*Work to complete*. Begin with the opening line of the records and extract each line through the one holding "1) Раковина Geberit"; pictures are not part of the copy.

*Records excerpted from a collection*.
═══

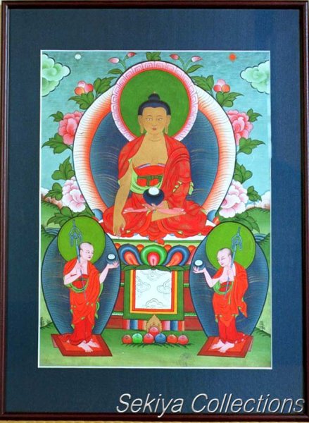 (画像サイズは68.0KB) これは1989年6月にインドのマハジャンが持ってきてくれたものの一つです。釈迦三尊像の形態ですが、向こうではあまり見かけないお姿です。しかし日本人には親しみやすいマンダラではないかと思います。
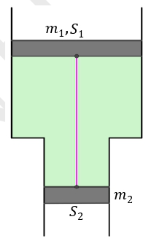 Một xi lanh đặt thẳng đứng có tiết diện không đều như hình vẽ. Giữa hai pittông có
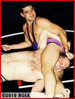 Popular Chip returns bigger & more pumped with a new tattoo, new skill and an even cockier attitude. Chip puts the mouthy matpunk through a torture-rack of holds, frustrated by his unwillingness to give! Chip loves ball-grabbing! Using a face-smother headscissors, Chip punishes the cursing, moaning "toughguy". Keith has never taken a mat-beating like this; his big mouth keeps him in trouble as he's subjugated by multiple submissions and repeated crotch torture. Nasty!
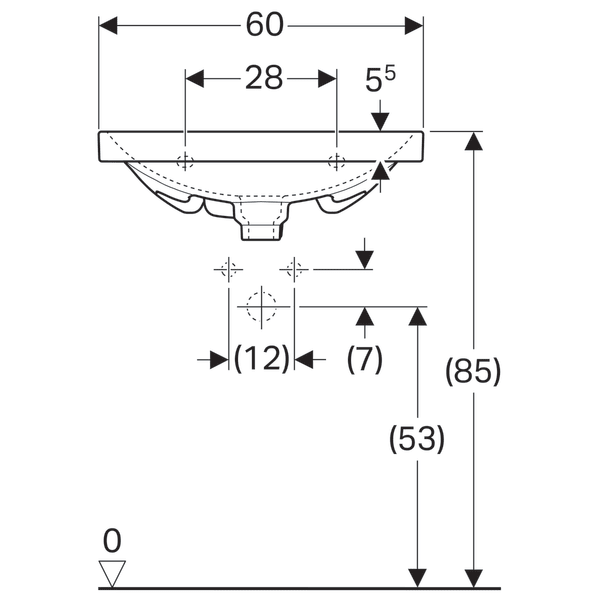1) Раковина Geberit Acanto з укороченим вильотом санфарфор білий
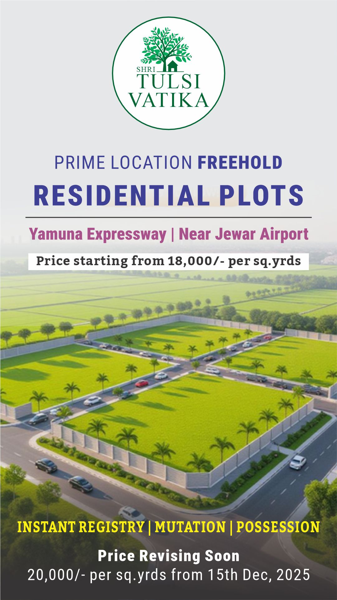 If you are looking for residential plots in Yamuna Expressway or land for sale near Jewar Airport, Shri Tulsi Vatika Gated Society is here to make your investment safe, profitable, and future-ready.
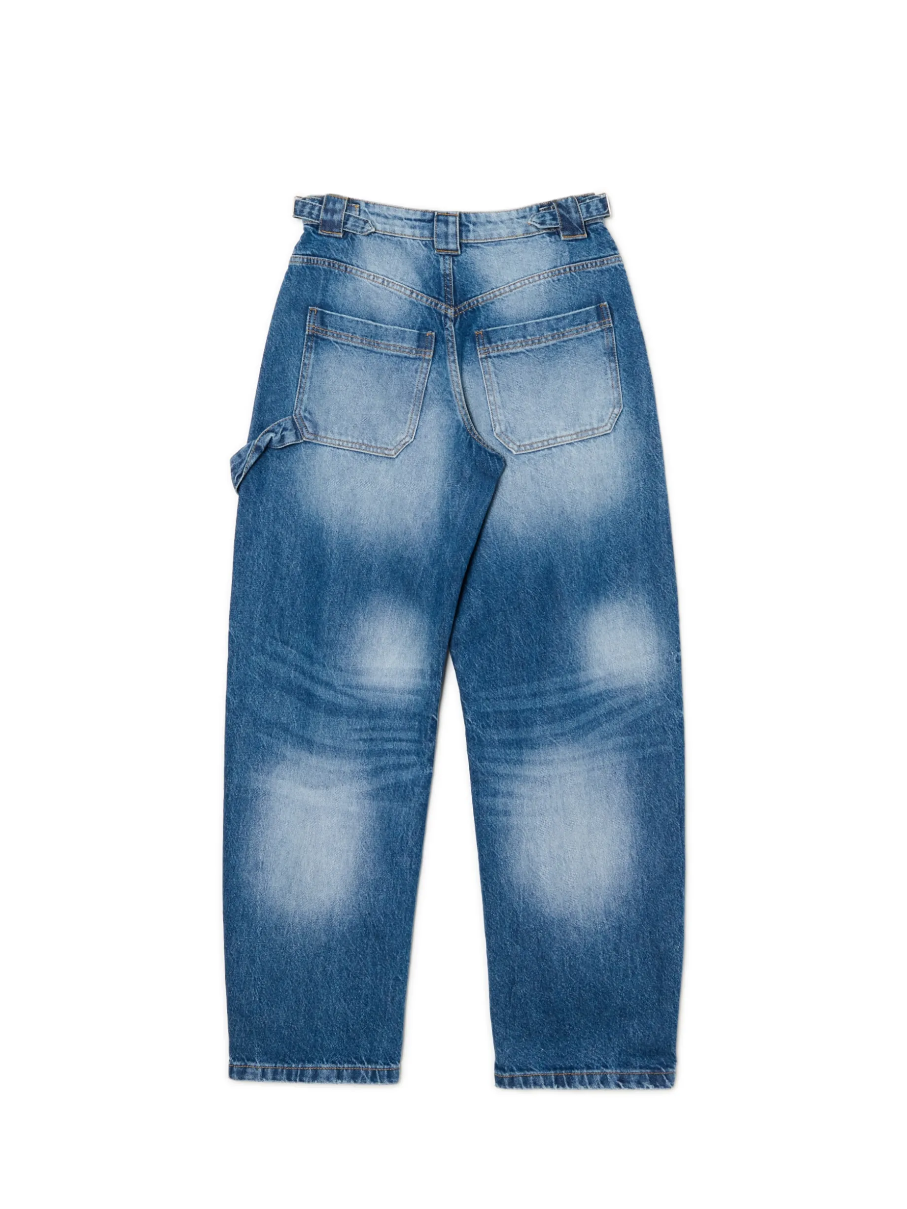 Damskie spodnie jeansowe z wysokim stanem o kroju skater, uszyte z bawełny. Ozdobą tego itemu są paski z metalowymi klamrami i efekt sprania na całości. 100% bawełny swobodny, luźny krój wysoki stan, zapięcie na zamek i guzik pięć kieszeni hammer loop na lewej nogawce dwa wąskie, regulowane paski delikatny efekt sprania Wzrost modelki: 177 cm
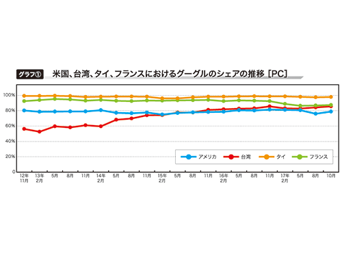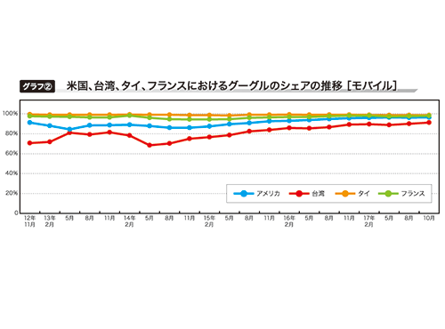 アジア9拠点でコンサルティングを展開するアウンコンサルティング(本社東京都、信太明社長)は11月30日、世界40カ国を対象に行ったパソコンとモバイルにおける主要検索エンジンシェアの調査「世界40カ国、主要エンジンシェア【PC・モバイル】」を発表した。それによると、多くの国と地域でグーグルがトップシェアとなり、特にモバイルでは40カ国中37カ国でグーグルのシェア率が90%を超えていることが分かった。
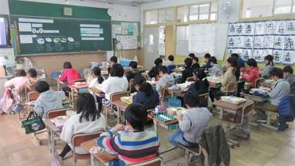 今日は4年3組のみんなと一緒にいただきました。どの献立も本当に食べやすく、ほとんどの子が減らしもなくペロリと食べていました。
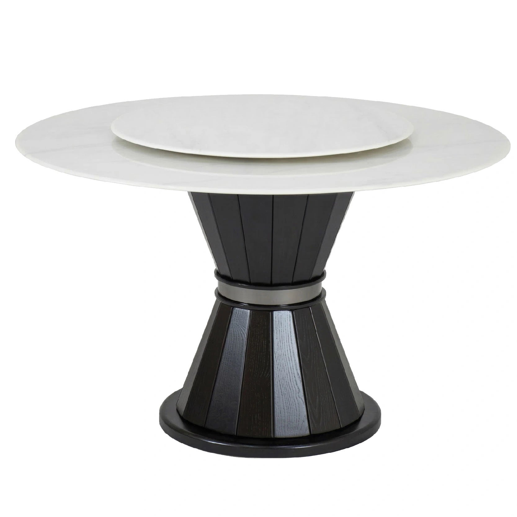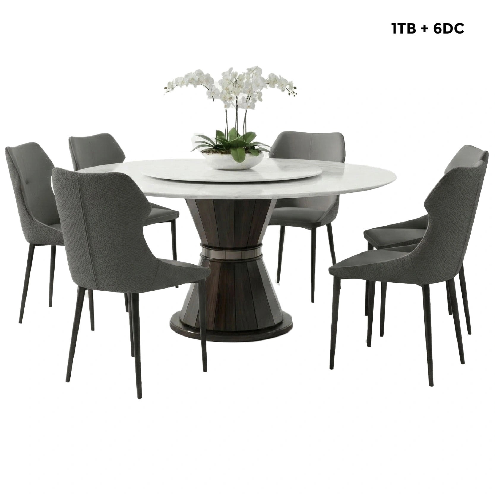 The centerpiece table features an expansive 1300mm Crystal Stone top, showcasing a luminous white surface with ultra-subtle veining. The design is elevated by an integrated 800mm matching stone Lazy Susan, allowing for an effortless and interactive banquet-style dining experience. It stands on a robust dual-conical pedestal base with a multi-faceted vertical ribbed texture in a deep espresso finish, accented by a central metallic ring for a refined, high-end profile. Surrounding the table are the Zephyr Dining Chairs, featuring ergonomic wing-back silhouettes and a duo-texture grey fabric that provides a modern, professional contrast.
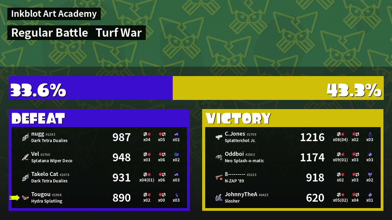 | Mode | Turf War - Regular Battle | ||

═══

*Your response*.
 (画像サイズは68.0KB) これは1989年6月にインドのマハジャンが持ってきてくれたものの一つです。釈迦三尊像の形態ですが、向こうではあまり見かけないお姿です。しかし日本人には親しみやすいマンダラではないかと思います。
 Một xi lanh đặt thẳng đứng có tiết diện không đều như hình vẽ. Giữa hai pittông có
 Popular Chip returns bigger & more pumped with a new tattoo, new skill and an even cockier attitude. Chip puts the mouthy matpunk through a torture-rack of holds, frustrated by his unwillingness to give! Chip loves ball-grabbing! Using a face-smother headscissors, Chip punishes the cursing, moaning "toughguy". Keith has never taken a mat-beating like this; his big mouth keeps him in trouble as he's subjugated by multiple submissions and repeated crotch torture. Nasty!
1) Раковина Geberit Acanto з укороченим вильотом санфарфор білий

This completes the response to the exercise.